→ **INFORMATION PROVIDED**
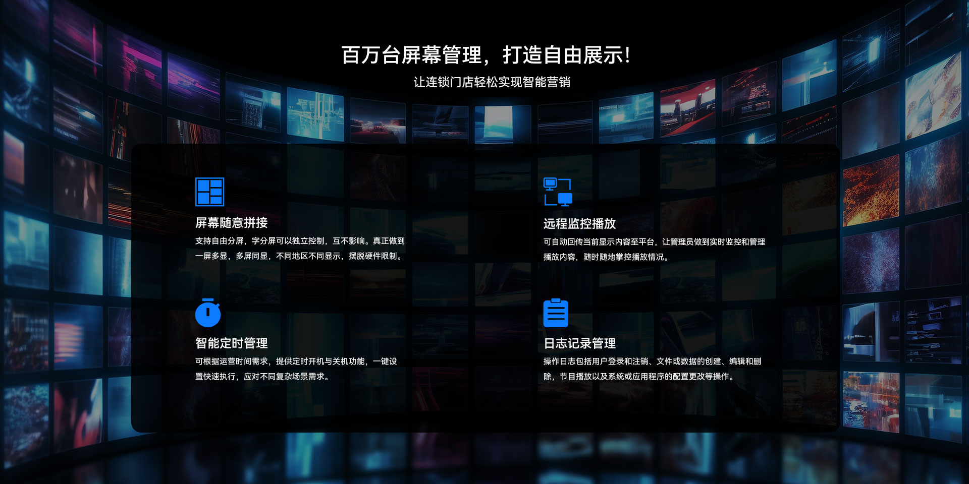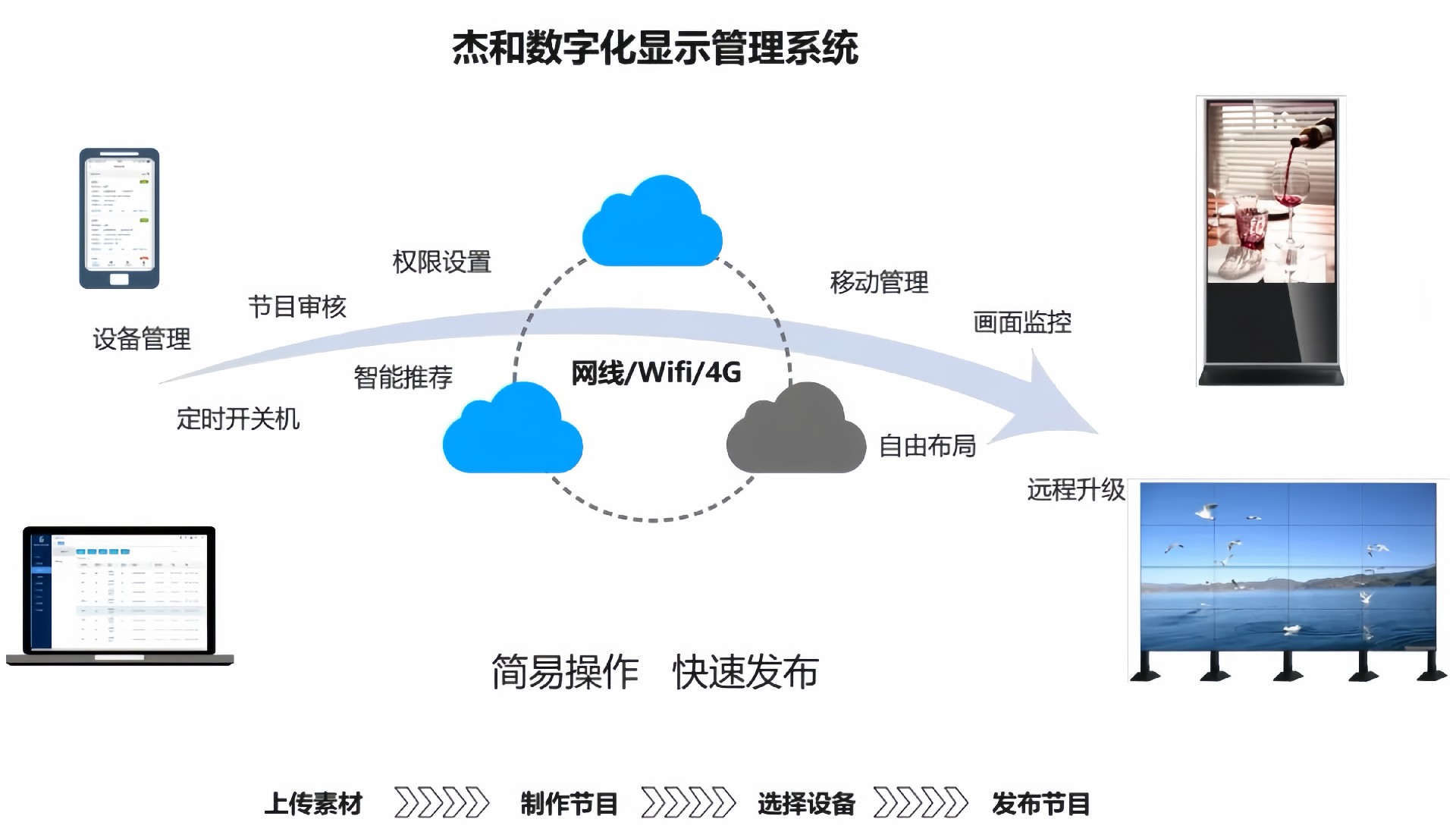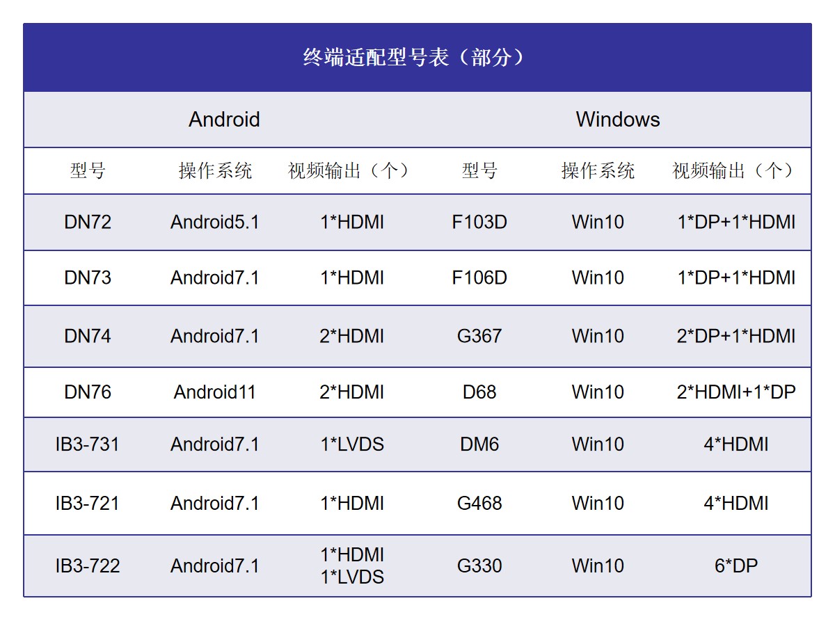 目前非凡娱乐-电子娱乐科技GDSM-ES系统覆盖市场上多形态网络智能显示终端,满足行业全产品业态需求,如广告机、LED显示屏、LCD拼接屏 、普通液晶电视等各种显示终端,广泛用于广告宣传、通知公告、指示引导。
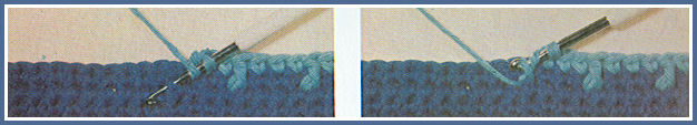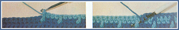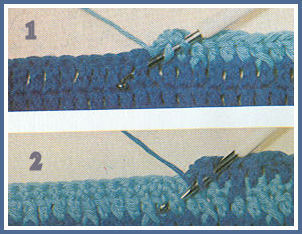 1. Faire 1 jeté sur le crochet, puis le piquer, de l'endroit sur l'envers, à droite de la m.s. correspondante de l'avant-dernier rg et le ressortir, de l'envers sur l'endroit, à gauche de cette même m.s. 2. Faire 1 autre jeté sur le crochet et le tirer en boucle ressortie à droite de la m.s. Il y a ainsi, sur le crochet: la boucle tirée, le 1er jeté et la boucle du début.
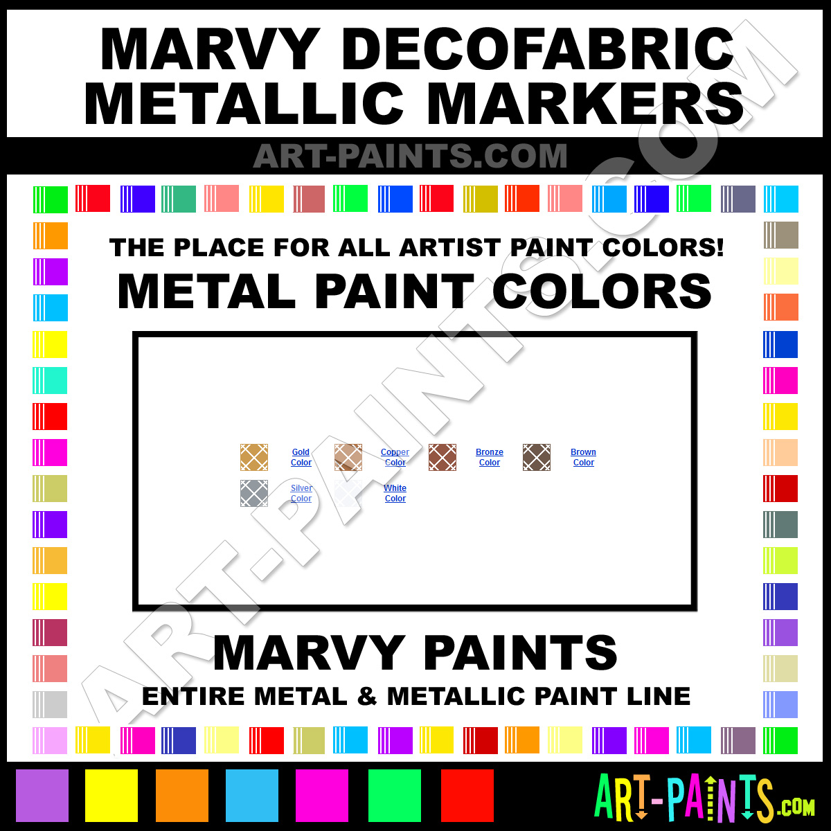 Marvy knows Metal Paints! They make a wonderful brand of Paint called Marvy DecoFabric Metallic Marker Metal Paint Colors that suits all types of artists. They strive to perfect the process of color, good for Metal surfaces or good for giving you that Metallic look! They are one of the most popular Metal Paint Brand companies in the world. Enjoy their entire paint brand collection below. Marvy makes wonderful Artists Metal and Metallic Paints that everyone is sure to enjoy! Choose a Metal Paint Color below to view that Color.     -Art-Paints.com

→ **WORK ORDER**
Reproduce the listing in full and exactly, excluding any pictures it holds.

→ **RESULT OF THE TASK**
 目前非凡娱乐-电子娱乐科技GDSM-ES系统覆盖市场上多形态网络智能显示终端,满足行业全产品业态需求,如广告机、LED显示屏、LCD拼接屏 、普通液晶电视等各种显示终端,广泛用于广告宣传、通知公告、指示引导。
 1. Faire 1 jeté sur le crochet, puis le piquer, de l'endroit sur l'envers, à droite de la m.s. correspondante de l'avant-dernier rg et le ressortir, de l'envers sur l'endroit, à gauche de cette même m.s. 2. Faire 1 autre jeté sur le crochet et le tirer en boucle ressortie à droite de la m.s. Il y a ainsi, sur le crochet: la boucle tirée, le 1er jeté et la boucle du début.
 Marvy knows Metal Paints! They make a wonderful brand of Paint called Marvy DecoFabric Metallic Marker Metal Paint Colors that suits all types of artists. They strive to perfect the process of color, good for Metal surfaces or good for giving you that Metallic look! They are one of the most popular Metal Paint Brand companies in the world. Enjoy their entire paint brand collection below. Marvy makes wonderful Artists Metal and Metallic Paints that everyone is sure to enjoy! Choose a Metal Paint Color below to view that Color.     -Art-Paints.com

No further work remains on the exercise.